Posts Tagged With: Jiliang foods


After each day’s activity, we return to Jiliang, (lee-john) with its waterwheel churning, strange characters walking the streets and at night, the marvelous market place with people of every description eating by torch-light  along the moat.

The place is fascinating but each day, our guide has plans for us.  After the snow-covered mountain, we returned early enough in the day to grab few pictures before it got dark.

A diverted part of the Yangtze and Jade  rivers flows right through the middle of town and is used for everything including washing dishes, dogs and clothing. We wonder about sewage, but don’t ask. The water always appears to be clean.

If you get hungry before dinner hour,  which starts  quite late here, you can always grab a snack from a small stand. We joke, Chinese fast food. Ha, ha! We saw a rat being carried out of a candy shop with a tongs but we refuse to be squeamish.  This town rocks, day or night. So, who needs candy?

Children play in the streets without a hovering parent to watch them. It feels like we are in some magic wonderland.

There are unreadable signs everywhere. Little bridges, too, with watering troughs for animals. You are as likely to look up and see a yak or llama wandering the streets on a leash as you are a dog or horse.
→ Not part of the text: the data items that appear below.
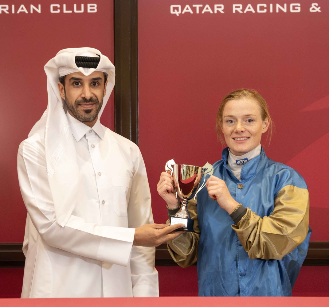 Deputy Director of the QREC Registration & Studbook Department Saad Ali Al Kubaisi presents the trophy to jockey Megane Peslier.
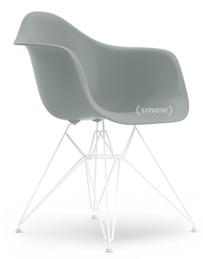 la résine de polyester renforcée de fibre de verre. Ce matériau présentait de nombreux avantages parmi lesquels sa souplesse, son prix abordable et la possibilité de produire les chaises en grandes séries. Cela correspondait donc tout à fait au mot d’ordre des designers Charles et Ray Eames: « Rendre le meilleur accessible au plus grand nombre ». Aujourd’hui, les chaises « Eames Plastic Chairs » sont en polypropylène et disponibles avec différents piétements sous forme de fauteuils « Eames Armchairs » ou de chaises « Side Chairs ». Enfin, DAR signifie Dining height Armchair Rod Base, ce qui fait référence à une chaise de salle à manger à quatre pieds en fils d’acier.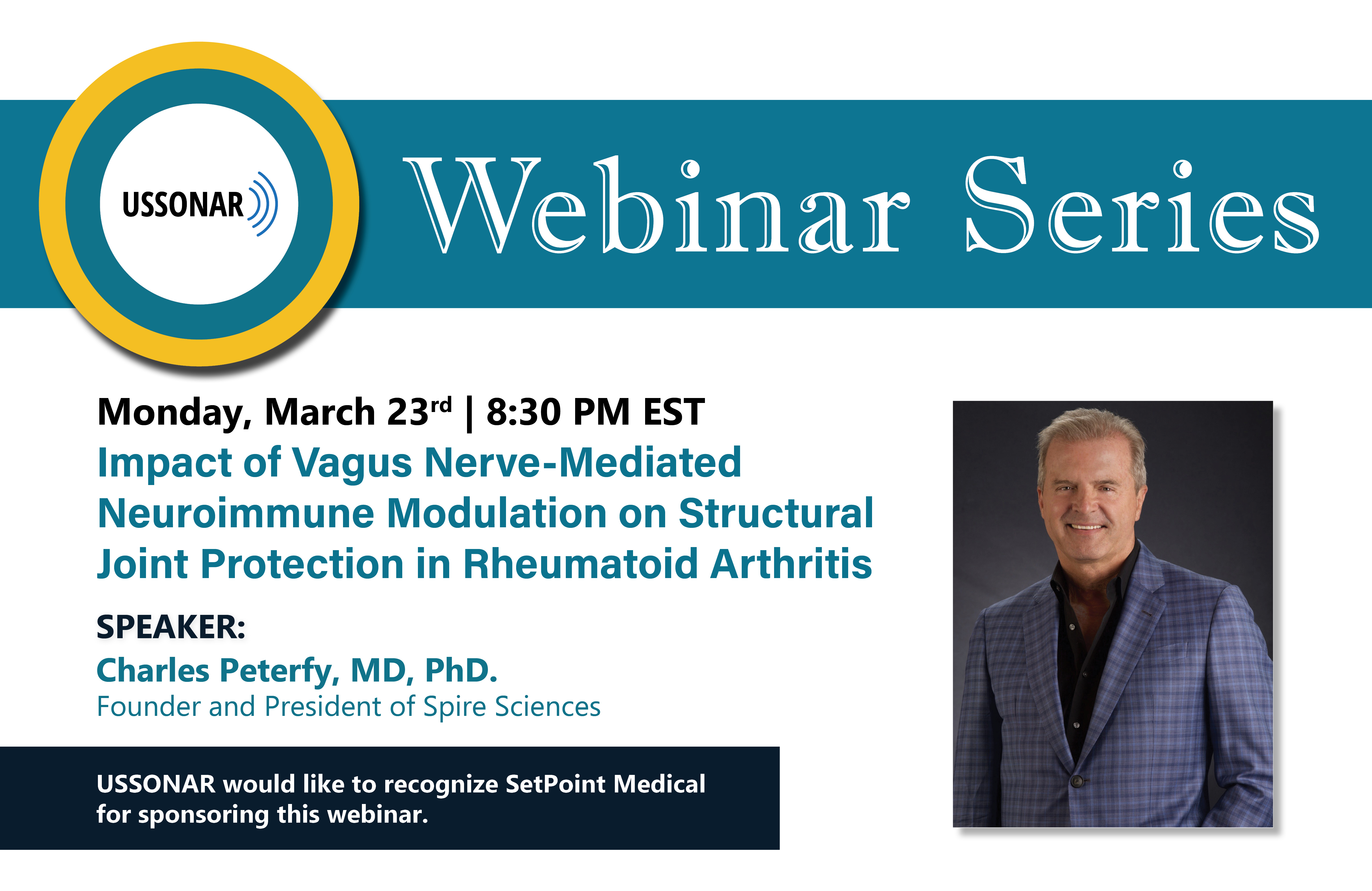 This session in the USSONAR Webinar Series is brought to you by SetPoint Medical. Already registered or attended previous sessions? No action needed, you're all set. You’ll receive a reminder email with the Zoom link, and an option to add each session to your calendar. We strongly recommend adding the calendar invite to keep the link handy and the dates saved. Not registered yet? You can still join us: Register Here |

Town is always teeming with people. We eat along the moat each night. Viki buys us an unattractive looking bean cake with spices for all of us to taste and it is wonderful, but none of us would have chosen it from its looks. We order various vegetables and meats on a stick the waiter  brings to your table with a small wok of boiling oil in which to cook your food.  We have fried milk for dessert. Safe! We avoid the crickets, snails, pigs tails, beetles, ants, grasshoppers, moths and the ever popular dog meat.

Again, the bus takes us into the Eastern Himalayas, this time in the opposite direction of the snow-covered mountain village of Hanzai to a place called Tiger Leaping Gorge.

When the bus can go no farther, we are taken about a mile by rickshaw. We meet our  driver and are thrilled that this is a real rickshaw, not a bicycle peddled device like the one we rode in Beijing that was touristy and contrived.

The trip into the canyon is gloriously beautiful. It follows high above the clean, glacial river crashing down below us.

The road itself is chiseled out of solid rock. In some places, it is wide enough for a small car to get through.

The rickshaw jiggles as we move and the pictures jiggle too. The rickshaw takes us as close as he can to the narrow place where the Emperor was hunting a rare black tiger and it leaped across the gorge and got away. Thus the name of Tiger Leaping Gorge.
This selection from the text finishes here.